AOL Radio Network had a average audience (”AQH”) between 6AM and Midnight of 210,694 listeners. Multiplied by about 16 songs per hour, 18 hours per day, and 31 days per month, plus adding an additional 10% to account for overnight (Mid-6AM) listening, suggests that AOL played about 2.1 billion songs that month. At the CRB’s royalty rate ($0.0008 per play), I’m guessing that would create a royalty obligation to SoundExchange for the month of November of about $1.65 million. Annualized, that’s about $20 million for 2006.

Here at RAIN, we’re guessing that Pandora has an audience approaching that size. (Pandora founder Tim Westergren claims that Pandora now accounts for 1.5% of all Internet traffic.) Such a royalty obligation might exceed the total proceeds of all their recent rounds of venture capital plus all their sales revenues to date.

The end?

People are increasingly turning away from listening to terrestrial radio (though not in this country), turning away from buying CDs. Is this because of Limewire, Grokster, et al.? Well for some people undoubtedly, though research has suggested that people who download the most music through filesharing programs buy the most music as well. And of course legal downloads, though still small in number, are growing at a phenomenal rate.

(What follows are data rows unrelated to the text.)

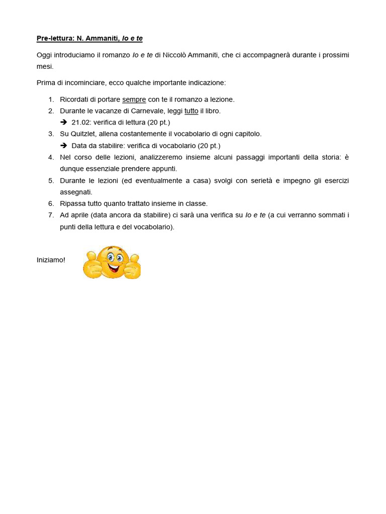 1. Ricordati di portare sempre con te il romanzo a lezione.
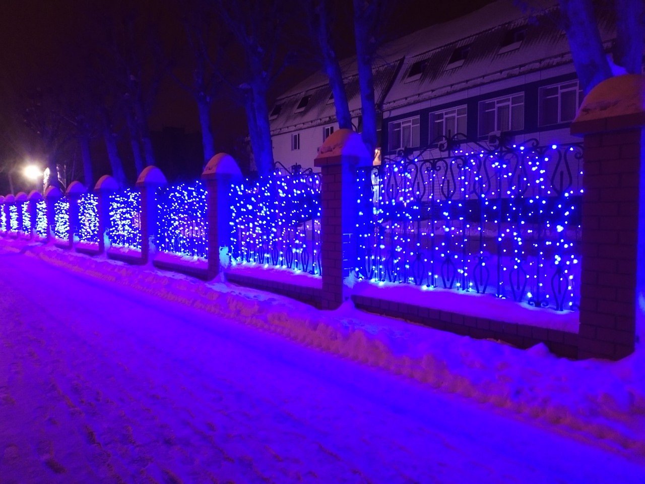 Украшение забора гирляндами
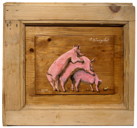 MASSIMO LOMI Livorno 1953 Il triangolo 2016 Tempera su tavola 39 x 41,5. Titolo in a. a d., firma in b. a s.; sul verso etichetta e timbro studio dell’artista. B.A. 150
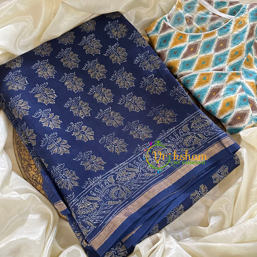 Colour and Design : Blue Chanderi Handloom Saree -Traditional Dabu hand block printing ( mud resist technique) of natural dye using hand carved wooden block for the pattern to be stamped.
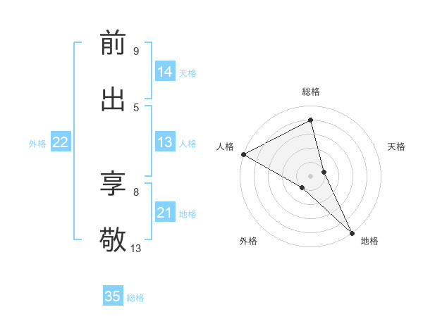 前出 享敬さんの総格は35画の4点!
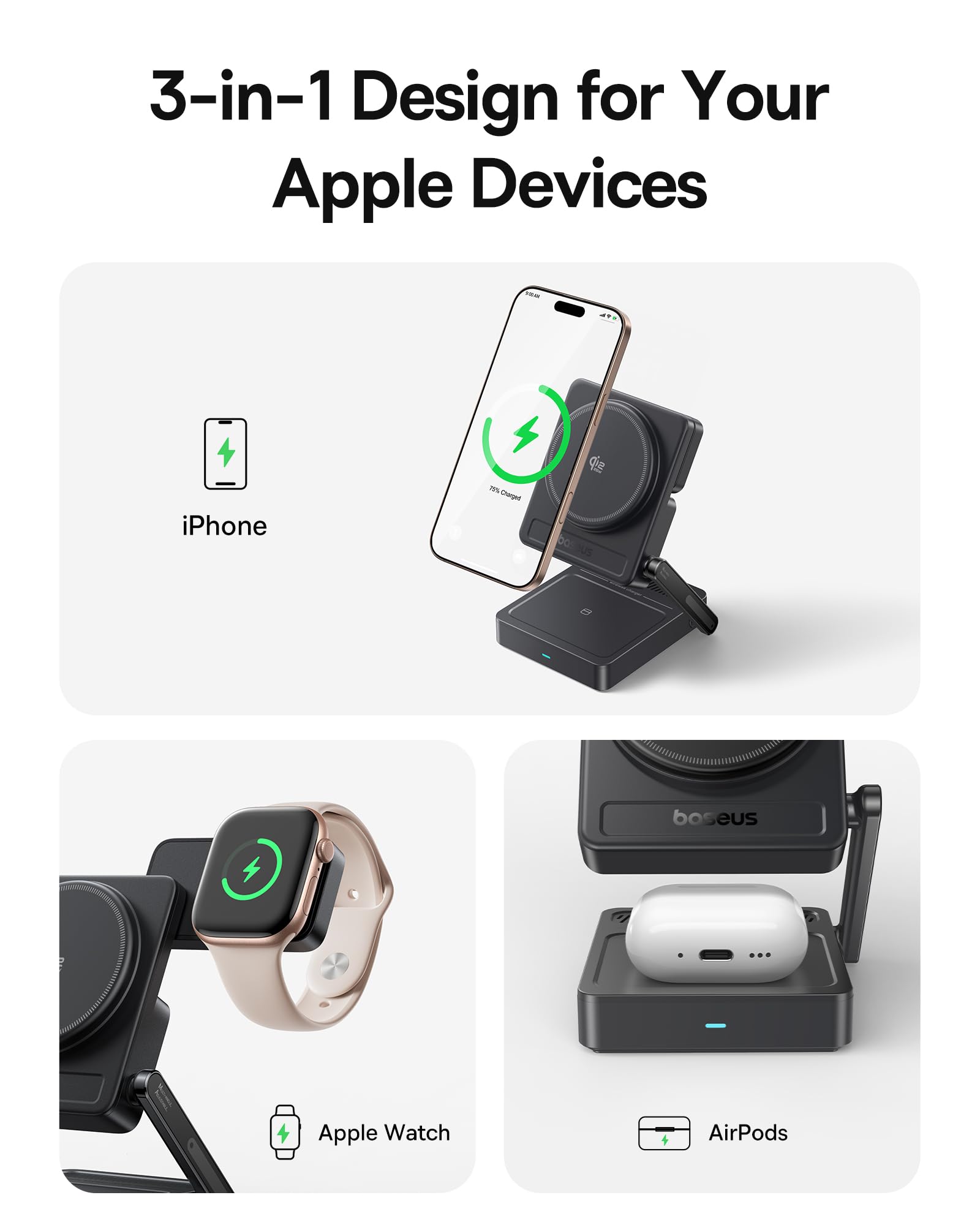 3-in-1 Apple Charging Station: Power your iPhone, Apple Watch, and AirPods all at once with one compact charger. It's widely compatible with iPhone 12 and newer, all Apple Watch models (S1–S10, SE, Ultra), and Qi-enabled earbuds. Keep all your essentials ready to go with this all-in-one Apple charging station.

Far more likely is that people are simply fed up. Fed up of having the same vacuous crap shovelled in their faces every day, fed up of the same formulaic pop groups with plastic personalities, the members seemingly on day release from some multiple choice proforma of humanity - different, yet curiously the same, like displays in a shopping centre.

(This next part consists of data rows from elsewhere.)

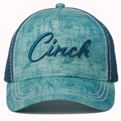 Cinch Tie Dye Trucker Hat in beautiful green and teal shades has a cool summer beach look plus authentic Western style. Casual baseball cap has a smooth poly/cotton front with subtle tie dye print. The front panel features Cinch embroidery in teal with stitched outline.
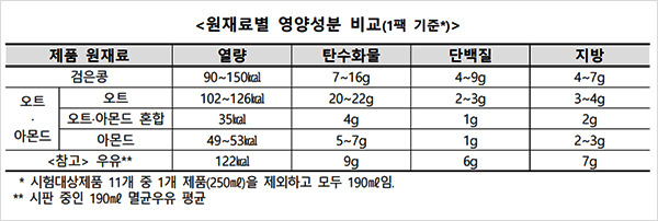한국소비자원(원장 윤수현)이 시중에 유통 중인 식물성 음료 11개 제품의 품질과 안전성을 시험·평가한 결과 검은콩, 아몬드, 오트(귀리) 등 주원료에 따라 영양학적 특성이 뚜렷하게 구분됐다.
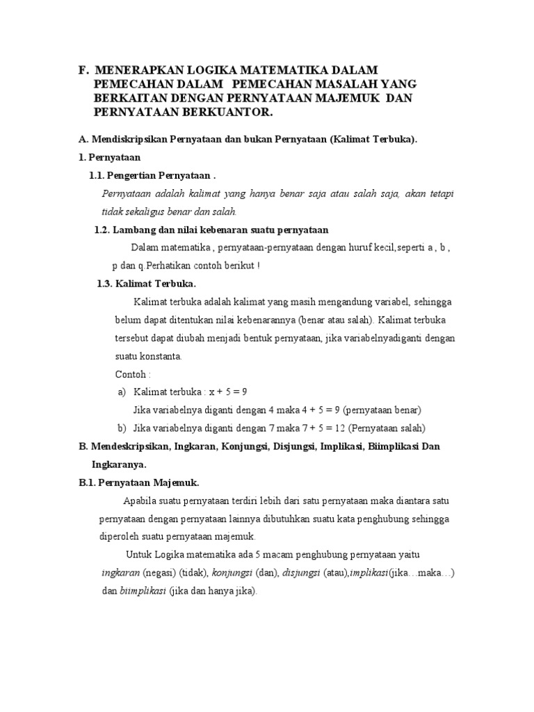 Logika Matematika Rumus. Logika matematika merupakan salah satu materi pelajaran matematika yang mengandung kajian matematis logika. Logika matematika akan memberikan landasan.
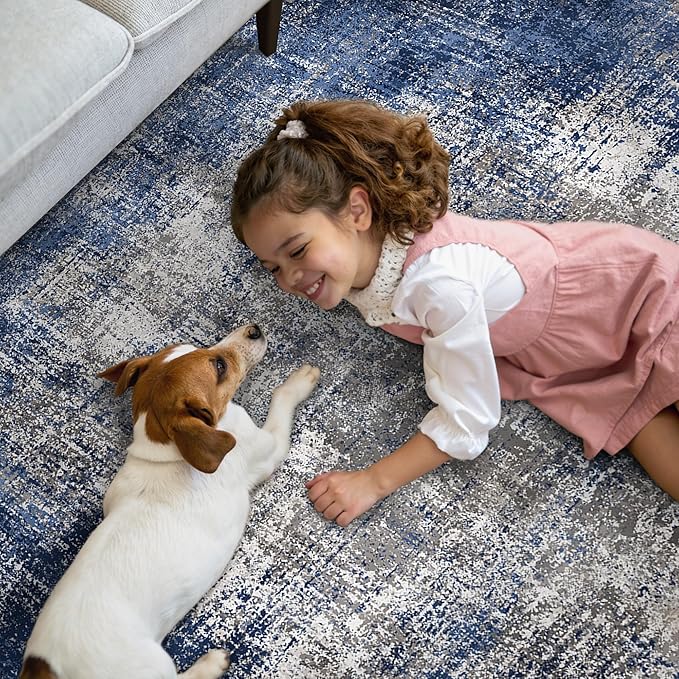 GENIMO Washable Area Rugs for Living Room Bedroom, 8x10 Modern Abstract Non Slip Rug, Low Pile Soft Contemporary Indoor Floor Carpet Cover for Dining Room Kitchen, Blue&Gray
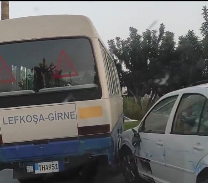 Gönyeli çemberinden Lefkoşa Burhan Nalbantoğlu Devlet Hastanesi’ne doğru seyir halinde olan yolcu minibüsü ile salon araç çarpıştı.
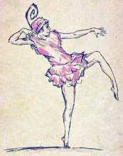 Leo Impekoven’s design skills went beyond theatre, however; he was also a talented graphic designer. Among his commissions were a series of army recruitment posters in 1914, ceramics designs, and lithographs. Though he never had children of his own, he was particularly fond of his niece Luise, daughter of his playwright brother Toni. Luise (1904–2002), better known as ‘Niddy’, became a famous dancer and actress in the 1920s, and Leo produced a portfolio of drawings of her which was published by the Berlin publisher Reiss.

Internet radio is one of the places listeners get genuinely passionate about the music. Bands - particularly innovative, exciting ones - are increasingly developing a substantial following online first, leaving the mainstream media to play catchup.
The problem seems to be that, as with file-sharing, the music industry doesn’t understand internet radio, so it is seen as a threat rather than an opportunity.

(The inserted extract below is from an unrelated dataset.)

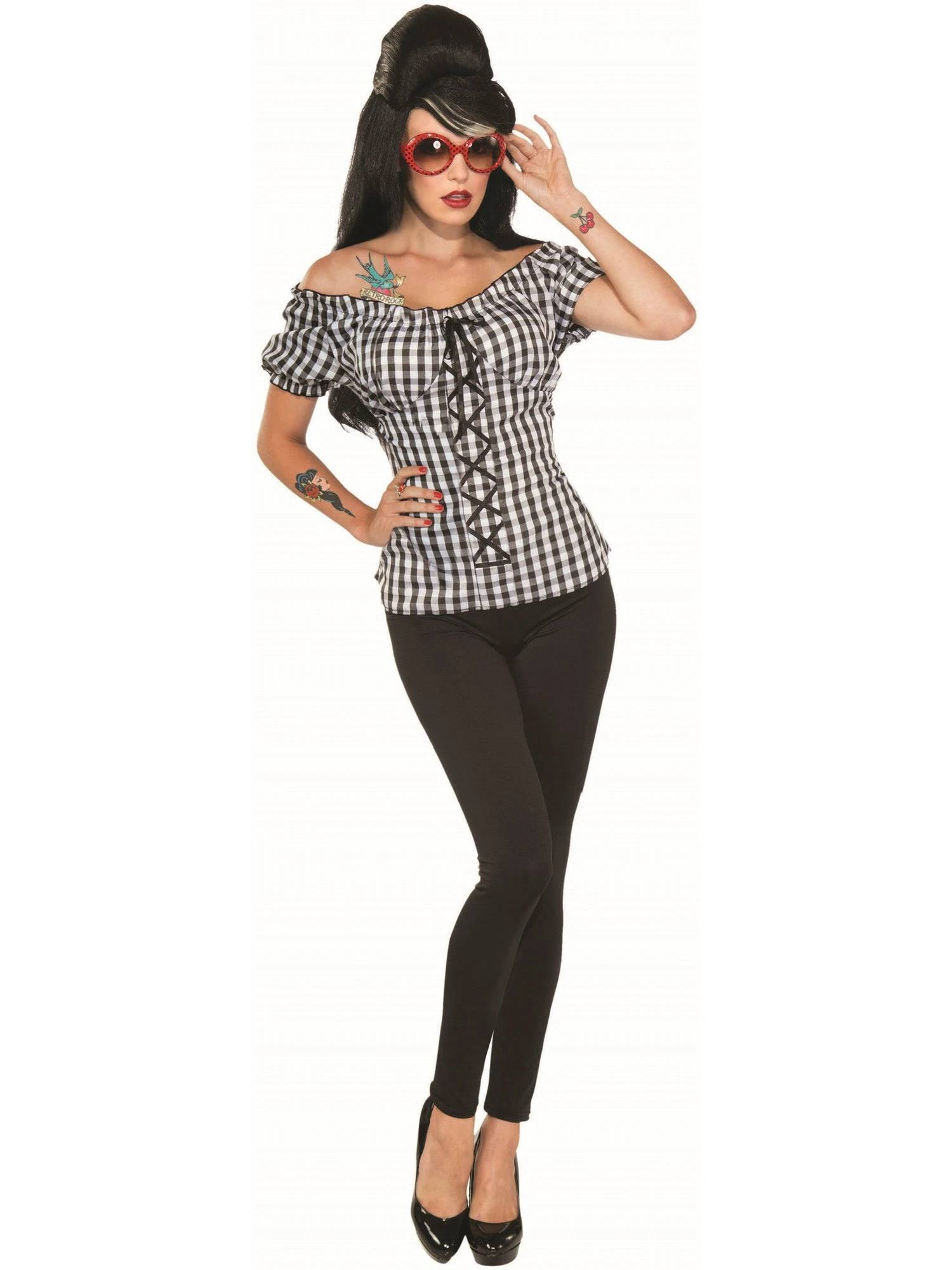 This Women’s Retro Rock Babe Costume captures the essence of 80’s rockabilly style with its black and white plaid shirt adorned with lace detailing and sleek black leggings. Get ready to rock the party and unleash your inner rebel with this bold and edgy costume!
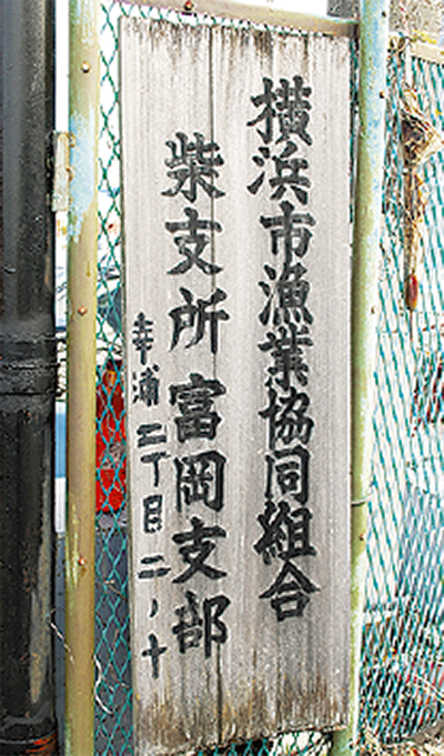 区内幸浦の富岡川の脇にある小さな船着場。入口には「横浜市漁業協同組合 柴支所富岡支部」と書かれた木の看板が掲げられている。富岡の漁師たちは昭和50年ごろにここに移った。

This issue has united everyone from bedroom broadcasters to mainstream giants like Clear Channel and NPR (check the list on SaveTheStreams). If you have a US passport, sign the petition. And make a noise. At Breakz, the music we believe in is largely championed by small labels, by small events and by small radio stations. These will be the first to go.

Update

Bad news. CRB denies motions for rehearing. Also SaveTheStreams has moved to SaveNetRadio.